“It’s okay, V,” she murmured. “You’re allowed to think like you are right now.”
“How do you know what’s on my mind.”
“Why would there be anything else?”
Jesus . . . what a female of worth. “I love you.”
“I know. And right back at you.” Pause. “Do you wish . . . you were there with someone else?”
The pain in her voice was nearly eclipsed by composure, but to him the emotion was bullhorn clear. “That’s in the past, Jane. Trust me.”
“I do. Implicitly. You would cut off your good hand first.”
Then why did you ask, he thought as he squeezed his eyes shut and hung his head. Well, duh. She knew him too well. “God . . . I don’t deserve you.”
“Yes, you do. Come home. See your sister—”
“You were right to tell me to go. I’m sorry I was an asshole.”
“You’re allowed to be. This is stressful stuff—”
“Jane?”
“Yes?”
He attempted to form words and failed, the silence stretching out between them once more. Fucking hell, no matter how much he tried to put sentences together, he found that there was no magical combination of syllables to properly phrase what was in him.
Then again, maybe it was less a function of vocabulary, and more a case of what he’d just done to himself: He felt like he had something to confess to her, and he couldn’t quite do it.

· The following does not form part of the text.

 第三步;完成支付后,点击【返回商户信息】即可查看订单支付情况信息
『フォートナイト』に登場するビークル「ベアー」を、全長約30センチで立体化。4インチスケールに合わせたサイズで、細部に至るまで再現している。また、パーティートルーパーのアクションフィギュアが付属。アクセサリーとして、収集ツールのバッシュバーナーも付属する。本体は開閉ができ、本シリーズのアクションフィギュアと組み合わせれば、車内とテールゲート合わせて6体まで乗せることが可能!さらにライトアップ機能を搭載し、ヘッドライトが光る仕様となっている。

“Come home,” Jane cut in. “Come see her, and if I’m not in the clinic, find me.”
“All right. I will.”
“It’s going to be okay, Vishous. And you need to remember something.”
“What’s that?”
“I know what I married. I know who you are. There’s nothing that’s going to shock me—now hang up the phone and get home.”
As he told her good-bye and hit end, he wasn’t sure about the noshock thing. He’d surprised himself tonight, and not in a good way.

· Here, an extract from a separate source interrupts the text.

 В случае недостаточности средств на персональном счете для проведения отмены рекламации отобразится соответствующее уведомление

Putting his phone away, he rolled up a cigarette and patted his pockets for a lighter before remembering he’d tossed his Bic POS back at the training center.

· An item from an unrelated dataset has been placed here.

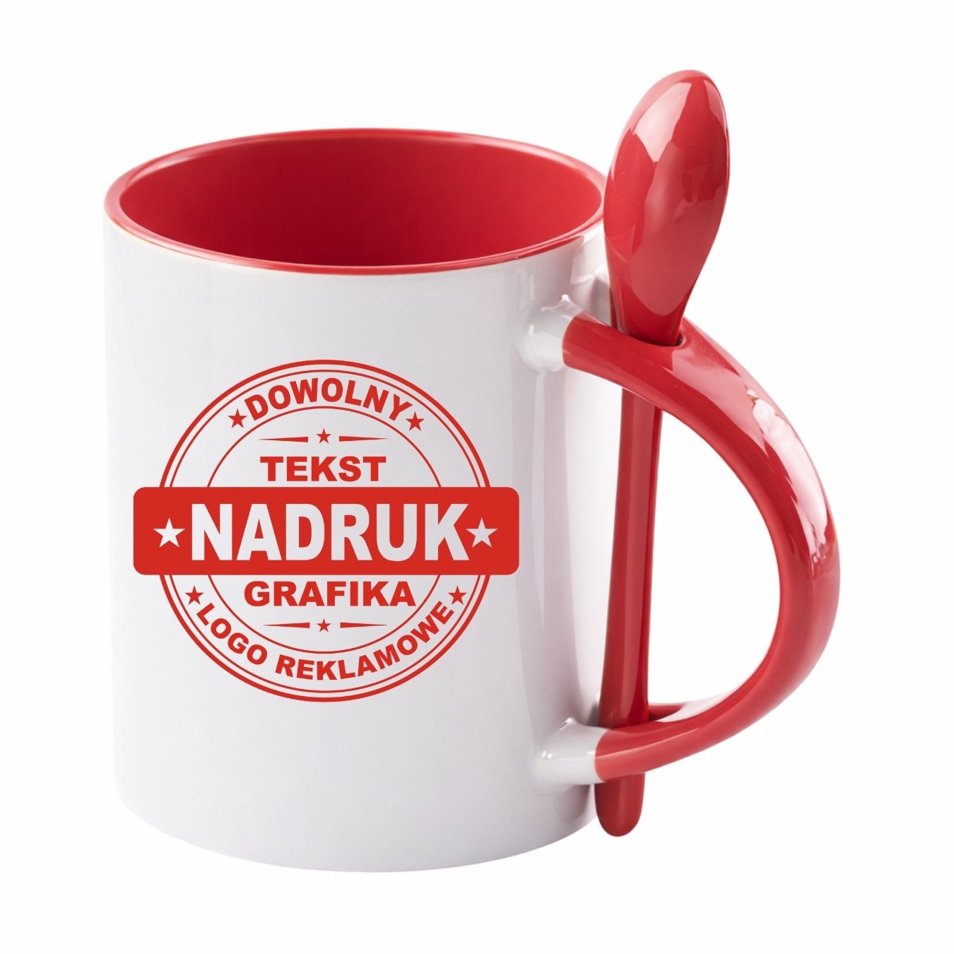 Kubki reklamowe – białe z czerwonym wnętrzem, uchem i łyżeczką, 330 ml

His head cranked around and he looked at one of those goddamn black candles. With no other option, he went over and leaned in to light his hand-rolled.
The idea of going back to the compound was the right idea. A good, solid plan.
Too bad it made him want to scream until he lost his voice.
After he finished his smoke, he meant to extinguish the candles and go straight home. He honestly did.
But he didn’t make it.
Manny was dreaming. Had to be.
He was dimly aware that he was in his office, lying facedown on the leather couch that he regularly crashed on for REM catch-ups. As always, there was a set of surgical scrubs wadded under his head for a pillow, and he’d kicked off his Nikes.
All this was normal, business as usual.